Not on Your Life Sonny
I do love a walk through the Jewellery Quarter on the way to work in the
morning, it’s a beautiful place and it delays the inevitable by a quarter of an
hour. I got off the train one stop early
today and strolled through what is to my mind the best part of Birmingham
central as it is my birthday, 42 years young but I do not look a day over 50 so
things are not too bad. I don’t know
where the year has gone since my 41st birthday, it must have slipped
down the back of the sofa. The downside
is that once I arrive at work the highlight of the working day is over and it
is all downhill from there. The place
was particularly alluring this morning and given the September sunshine, the
many resplendent hanging baskets and the cries of seagulls it had an almost
seaside feel.
Given the growing residential element to the Jewellery Quarter there are
now many tempting and stylish looking cafés (in addition to the hearty greasy
spoons) and I always promise myself that I should treat myself to breakfast in
one of these establishments before work one morning. I never have visited one of these café though
as I do not rise early enough from my Codger mansions flea pit and I can rarely
afford such a luxury anyway.
Even though like most other industries the jewellery trade has been
affected by the enduring recession the Jewellery Quarter still bustles with
life and even at an early hour shop owners and Jewellery workers are going
about their business.
It’s a depressing thought stumbling into work in the morning and
realising that I am imprisoned there until 1700 hrs, at which time I flee on
the dot. It always amazes me that I am usually the only person in the
department that actually leaves on time as all my other colleagues mostly stay
later like masochists, suckers for punishment.
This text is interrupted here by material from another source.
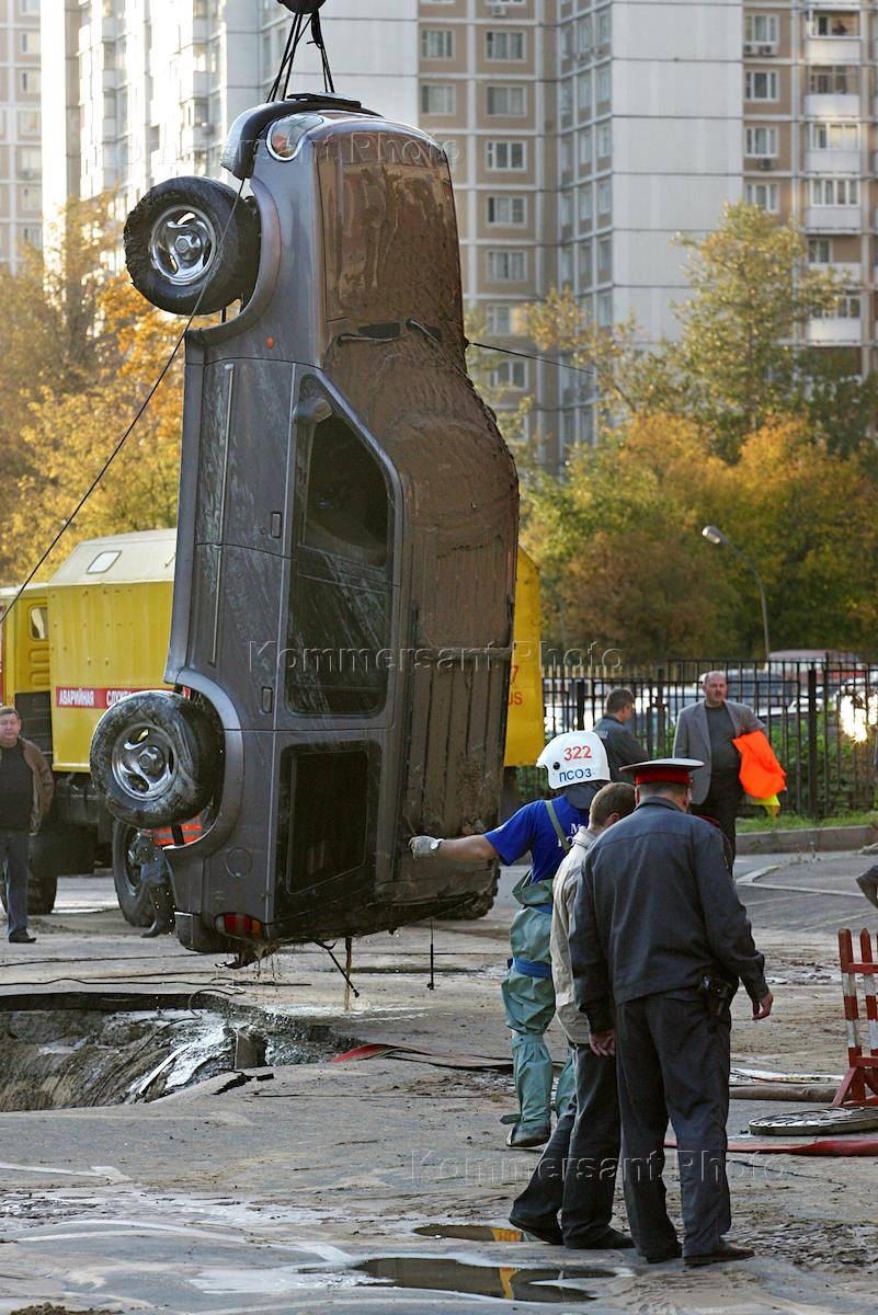 Car falls down in asphalt cavity at Akademika Korolyova street. One man hospitalized.
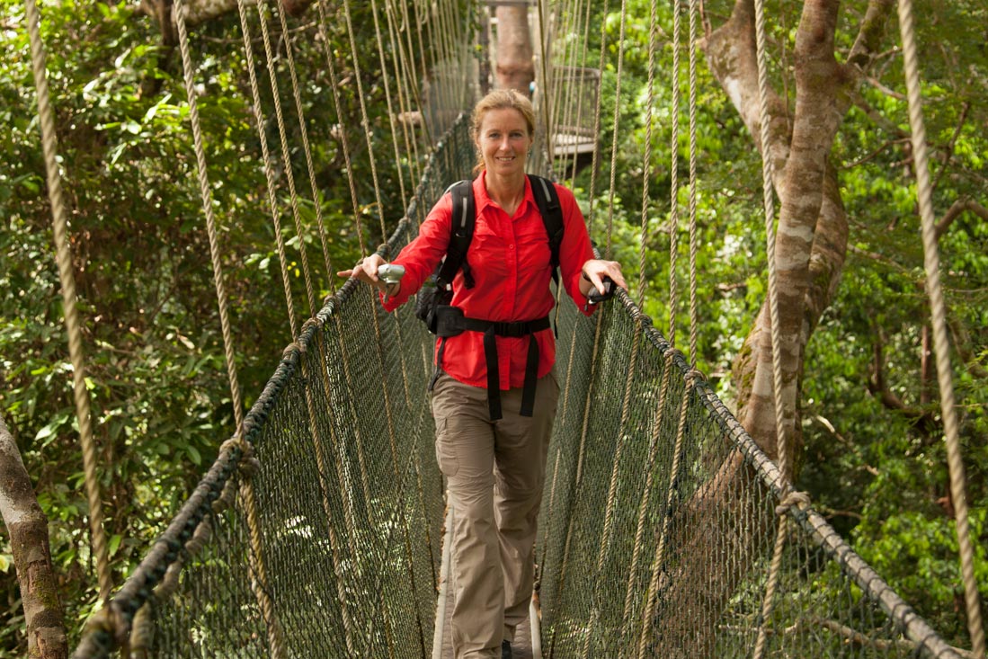 De volgende dag hadden we een jungletour mƩt gids afgesproken. Na het ontbijt vertrokken we met een kleine groep de jungle in. De gids stopte regelmatig om van alles uit te leggen over de vruchten, bomen, beesten enz. enz. Na een flinke klim kwamen we terecht op een uitzichtpunt, waar eigenlijk -behalve bomen- niets te zien was. Dus net zo hard weer naar beneden en op naar de Canopy Walk. Deze touwbruggen hangen op zo'n 40 M. hoogte in de bomen en daar zag ik nogal tegenop. Maar tot m'n grote verbazing leek de hoogtevrees even uitgeschakeld en wandelde ik net als de rest, fluitend over de smalle plankjes.

Some of them might feel like they will be rewarded in heaven but I am
not sure what the Mexy’s excuse is as the Mexicans seem too obsessed with hell
and death to pay any attention to anything as fanciful as heaven. And the Phantom is from Grimsby and it is
well known in religious circles that persons from that town are refused entry
into the heavenly after world.
The singer Cher does not seem like she is ready to go anywhere near the
heavenly after world as judging by the way she looks she thinks that she is
still in her 20’s. Cher has just
announced that she is to start touring again at the age of 67 and I suppose
that is no mean feat for a pensioner, though Mick Jagger and his aged Stones
cronies have barely stopped touring for years.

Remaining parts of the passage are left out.